Cheap oil puts the President, who blames the problems on an “economic war” being waged against Venezuela by the West, in a tough position. Bringing in pragmatic economic policies would hurt poor Venezuelans, who form the base of his support. Currency controls, enacted over a decade ago by Chávez, have created a black market on which the dollar sells for 30 times its strongest official value. But devaluing or ending the currency controls would exacerbate inflation and lower the value of Venezuelans’ savings.
Another option would be to end a $12 billion-a-year subsidy on gas at the pump, which allows Venezuelans to fill up their cars for just a few cents. Economically, this would be easier to do now with low oil prices, though politically, it could spark major riots–just as it did when a similar move was tried in 1989.
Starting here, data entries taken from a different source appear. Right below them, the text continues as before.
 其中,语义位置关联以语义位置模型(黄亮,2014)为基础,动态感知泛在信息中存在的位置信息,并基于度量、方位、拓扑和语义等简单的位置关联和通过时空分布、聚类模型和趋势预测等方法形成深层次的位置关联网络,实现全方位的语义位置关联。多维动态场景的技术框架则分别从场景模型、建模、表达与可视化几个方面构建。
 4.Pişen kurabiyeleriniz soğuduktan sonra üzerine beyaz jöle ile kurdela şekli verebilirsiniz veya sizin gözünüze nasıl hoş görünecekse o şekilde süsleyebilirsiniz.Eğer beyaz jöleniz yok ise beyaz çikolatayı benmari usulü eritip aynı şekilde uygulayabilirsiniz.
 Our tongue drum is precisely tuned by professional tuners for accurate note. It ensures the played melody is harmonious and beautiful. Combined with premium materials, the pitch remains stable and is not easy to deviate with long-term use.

The oil crash has already clipped Venezuela’s anti-U.S. foreign policy. Beginning under Chávez, Venezuela has served as Cuba’s chief patron, sending the communist island country almost 100,000 barrels of oil per day and between $5 billion and $15 billion per year in aid. But there’s no way that Maduro can afford to remain so generous with oil below $50 a barrel–something Cuban President Raúl Castro surely knows. The lack of guaranteed support from Caracas would have made Castro “much more eager to negotiate and given the U.S. leverage,” says Ted Henken, a Cuba expert at Baruch College. December’s historic rapprochement between Havana and Washington might never have happened in a world of triple-digit oil.
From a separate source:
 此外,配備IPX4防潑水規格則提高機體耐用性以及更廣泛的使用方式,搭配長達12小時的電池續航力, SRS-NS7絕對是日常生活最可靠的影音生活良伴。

The International Monetary Fund now projects that Venezuela’s economy will shrink by 7% in 2015. Yet Maduro mostly speaks of the need to “deepen the model” of socialism. When Chávez became President in 1999, he toured the nations of OPEC and invited their heads of state to Caracas for a major summit. Prices went up and stayed there for years, thanks in part to the Sept. 11 attacks and wars in Afghanistan and Iraq. Maduro has just come back from a similar tour of OPEC nations, hoping to persuade cartel members to push up prices and also to seek financing for Venezuela. In a recent cartoon by Venezuelan satirist EDO, Maduro is shown as a sweating snake charmer trying to persuade a barrel of oil to rise. So far, the magic hasn’t worked.
This appears in the February 02, 2015 issue of TIME.
- The Fight to Save the Salmon
- Inside the World of Black Bitcoin, Where Crypto Is About Making More Than Just Money
- The 'Great Resignation' Is Finally Getting Companies to Take Burnout Seriously. Is It Enough?
- Suddenly, Everyone on TV Is Very Rich or Very Poor. What Happened?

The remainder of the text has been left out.